EDINBURGH, Scotland, Sept. 18 (UPI) — On the surface, the players and interests in the 2014 Scottish referendum can be boiled down to the Scottish National Party and leader Alex Salmond versus David Cameron and the supporters of a unified United Kingdom.
But beyond the two men who signed the Edinburgh Agreement, the debate over Scotland’s independence has polarized Scots and the world alike, with many Scottish and English celebrities voicing varying opinions on what Salmond calls, “the most exciting day in Scottish democracy.”
Electric folk-rocker Billy Bragg says a free Scotland will “create a new settlement that puts people before profit. Those in England who believe that our own society needs to be rebalanced along similar lines should wake up and join the debate.”
“Scotland doesn’t want to be Texas, it wants to be Norway. It wants to be a North European social democracy which puts people before profit. And the people of Scotland, that’s what they think the issue is here, not Alex Salmond, the leader of the Scottish National Party, or the, you know, petrochemical or Rupert Murdoch.

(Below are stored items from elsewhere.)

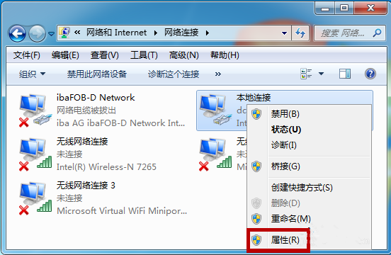 接着进入网络连接界面,鼠标右击【本地连接】,弹出菜单,找到【属性】选项并点击,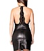 Sexy leatherlook mini jurkje met kant en open rug - zwart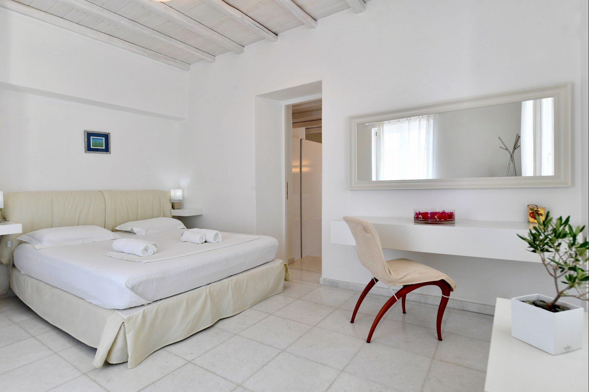 1 master bedroom with king size bed, en-suite bathroom, hairdryer, underfloor cooling system, Wi-Fi, access to pool, mountain view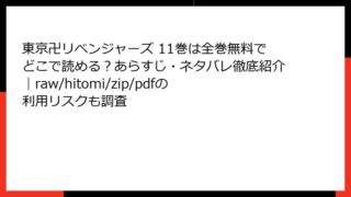 少年マンガ 東京卍リベンジャーズ 11巻は全巻無料でどこで読める?あらすじ・ネタバレ徹底紹介|raw/hitomi/zip/pdfの利用リスクも調査 東京卍リベンジャーズ 11巻の詳細あらすじ 『東京卍リベンジャーズ』は、タイムリープを駆使して過去を変え、未来を救おうとする不良漫画の傑作です。11巻では、主人公・花垣武道(タケミチ)が東卍(トーマン)の巨悪化の原因となった凶悪暴走族・黒龍... 2025.10.03 少年マンガ東京卍リベンジャーズ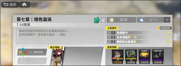 7-14到14关卡的名字是暗色旋涡,它是主线剧情第七章的最后一关,自然,这一关是首领战,敌方首领叫舒莫,是杀害空裔一族的凶手之一,从这一关起,游戏的剧情高潮就拉开了序幕。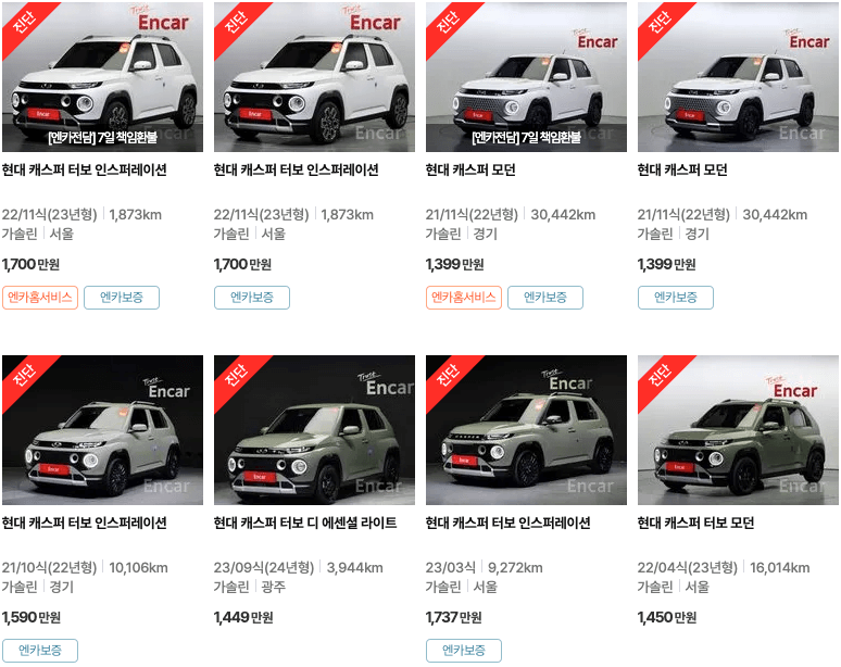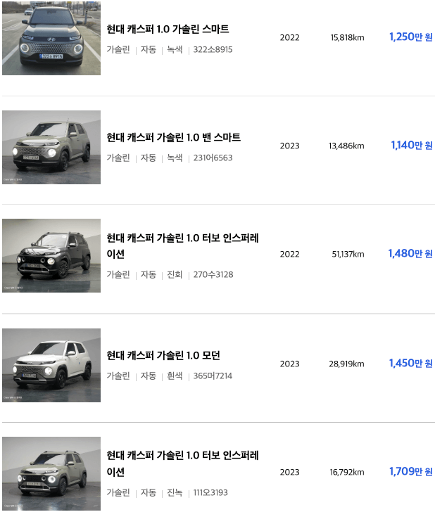 캐스퍼 중고차 가격 시세표 2021~2024년

They believe that they can do things in the way that their parents did things and their grandparents did things when they founded the welfare state.”
“The political systems of New Labour, Conservative and Liberal Democrats have atrophied in the U.K.; atrophied to such an extent that the dividing line between these ideologies have become increasingly blurred by each party’s pragmatic desire for political power,” actor Brian Cox wrote in an editorial for CNN.
“Sadly — and as a member of the Labour Party it pains me greatly to write this — over the last 15 years or so I have witnessed the Labour Party’s fundamental socialist thought being consistently compromised on a needs must basis, an ‘ends justifies the means’ ideology; floundering in a swamp of sound bite sentiment.”
“I can’t see any reason why Scotland shouldn’t be independent,” notes Gerard Butler. “It’s a different country with different attitudes, people and outlook, so why not?”
“Sixteen years on, the differences between the basic tenets of Scotland and those of its southern neighbors are palpable,” Broadway and Hollywood star Alan Cumming wrote in the New York Times. Cumming attempted to re-establish residency in his home country so he could vote Thursday, but was unsuccessful.
“Unlike the rest of Britain, Scots still enjoy free higher education and free medical prescriptions. Even as parts of the National Health Service south of the border have been dismantled or privatized, Scotland’s is still intact and prized. There is an exceptional commitment to the arts, too — most visibly with the formation of the National Theater of Scotland.”
Those who want Scotland to remain part of the United Kingdom are equally adamant in their stance.
In 2012, when the current incarnation of the debate for an independent Scotland first emerged, Brave star Emma Thompson saw it as a political move more suited for the past than the future.
“Why insist on building a new border between human beings in an ever-shrinking world where we are still struggling to live alongside each other?”
“This is the first time in years a developed country has talked about splitting up and it’s a massive thing,” James McAvoy observed.
“If you vote for a president or a prime minister based on political or economic issues and they don’t deliver, that’s not so bad — you can protest four years down the line and vote them out. If you vote for continued unification or independence there is no protest vote — that’s it. And that could be it for decades, for centuries.”
“The simple truth is that Scotland is subject to the same 21st century pressures as the rest of the world,” said author J.K. Rowling. Rowling went on to compare Scottish nationalists to Death Eaters, one of the main groups of villains in Rowling’s Harry Potter series.
“It must compete in the same global markets, defend itself from the same threats and navigate what still feels like a fragile economic recovery. When people try to make this debate about the purity of your lineage, things start getting a little Death Eaterish for my taste”
Former Manchester United football club manager Alex Ferguson echoed Rowling’s concerns about the potentially xenophobic implications of the Scottish referendum.
“Eight-hundred-thousand Scots, like me, live and work in other parts of the United Kingdom. We don’t live in a foreign country; we are just in another part of the family of the U.K. … I played for Scotland and managed the Scotland team. No-one should question my Scottishness just because I live south of the Border.”